Would you transcribe only the lines from the one holding "3、欢迎来到这个新的游戏板块" through the end of the material, exactly, without any pictures?

DATA EXTRACT>

───

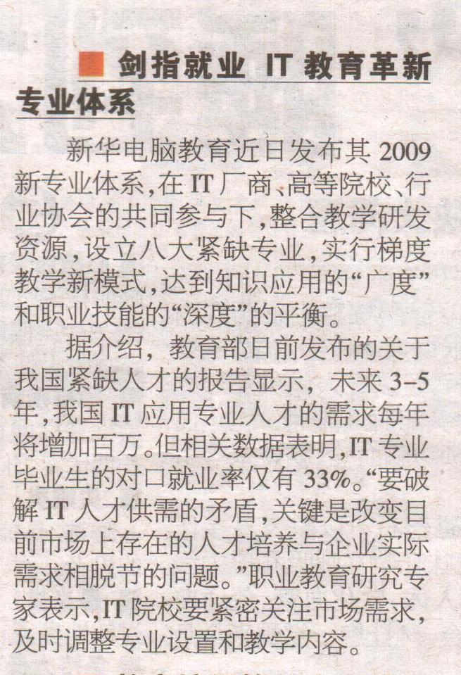 > 《参考消息》报道:剑指就业 IT教育革新专业体系
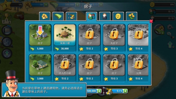 3、欢迎来到这个新的游戏板块,建造一个属于自己的城市,首先呢,为我们的居民建造可以居住的房屋。
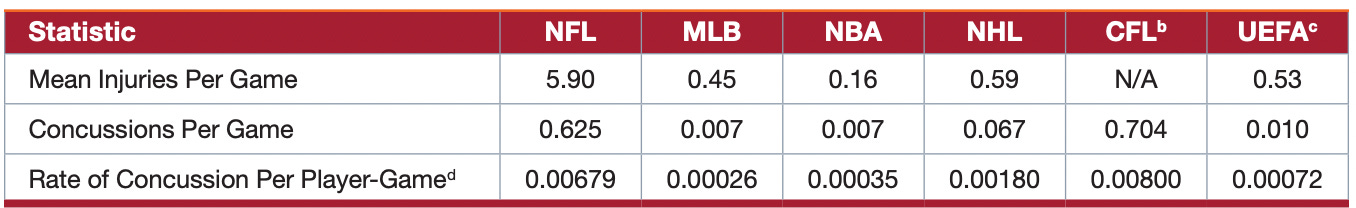 The fact that an NFL player suffered a severe injury during a game is not unusual. Among major sports, NFL football is by far the most dangerous. A Harvard study published in May 2017 found that "mean number of injuries suffered per game in the NFL is approximately 3.4 times higher than the combined rates of MLB, the NBA, NHL, and [the Union of European Football Associations] combined." Concussions also occur during NFL games at much higher rates.

───

ANSWER>
 3、欢迎来到这个新的游戏板块,建造一个属于自己的城市,首先呢,为我们的居民建造可以居住的房屋。
 The fact that an NFL player suffered a severe injury during a game is not unusual. Among major sports, NFL football is by far the most dangerous. A Harvard study published in May 2017 found that "mean number of injuries suffered per game in the NFL is approximately 3.4 times higher than the combined rates of MLB, the NBA, NHL, and [the Union of European Football Associations] combined." Concussions also occur during NFL games at much higher rates.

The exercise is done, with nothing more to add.